Union members decided to postpone a planned one-day strike at five Hospital Corporation of America (NYSE: HCA) hospitals in California and return to the bargaining table, according to a press release the SEIU United Healthcare Workers-West (SEIU-UHW) issued this afternoon. The hospitals and the SEIU-UHW bargaining committee have agreed to continue negotiations with a federal mediator on Friday.

The strike will be postponed one week, until Friday, Dec. 10, according to SEIU-UHW spokesperson Lisa Hubbard.
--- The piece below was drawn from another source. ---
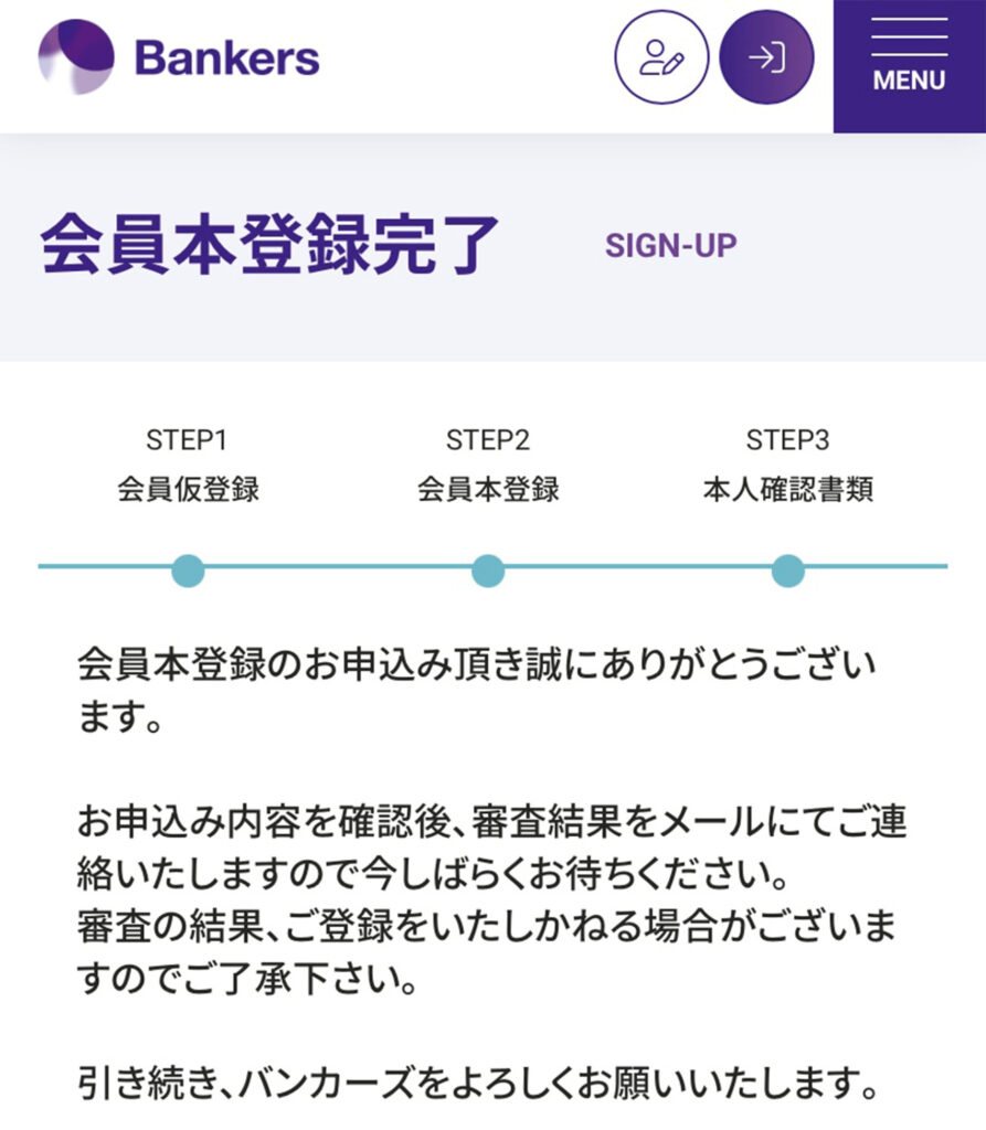 Bankers(バンカーズ)の新規会員登録は、最短5分で登録できます。
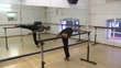 Eric Underwood rehearsing ballet moves in studio (wearing black flesh tone ballet shoes)/

This latest move represents an shift away from the earlier plan caregivers at  five HCA hospitals had to stage a 24-hour strike beginning at 6 a.m. on Dec. 3, according to the SEIU-UHW. More than 90 percent of the union members voted to take part in an unfair labor practice strike. The strikers would have included licensed vocational nurses, certified nursing assistants, respiratory therapists, X-ray technicians, housekeeping workers and staff members, the San Fernando Valley Business Journal reports.

About 2,700 SEIU-UHW members in five HCA hospitals have been trying to negotiate a contract with HCA, according to the union. It alleges that HCA managers have negotiated in bad faith, made unilateral changes that may jeopardize patient and worker safety and began a campaign to threaten and intimidate employees.

"We are so short-staffed that I recently ended up being a sitter for four patients," Fely Ta-a, a CNA at HCA Regional Medical Center, said in a statement.

The union alleges that HCA has unilaterally increased the number of patients per caregiver, changed job descriptions for housekeeping workers to require them to lift up to 80 pounds and removed protective gloves, masks and gowns from caregivers working in rooms where a patient was isolated due to contagious illness. The union also claims that HCA consistently bargained in bad faith by failing to provide relevant information and by showing up to pre-scheduled bargaining sessions late or for just a few minutes.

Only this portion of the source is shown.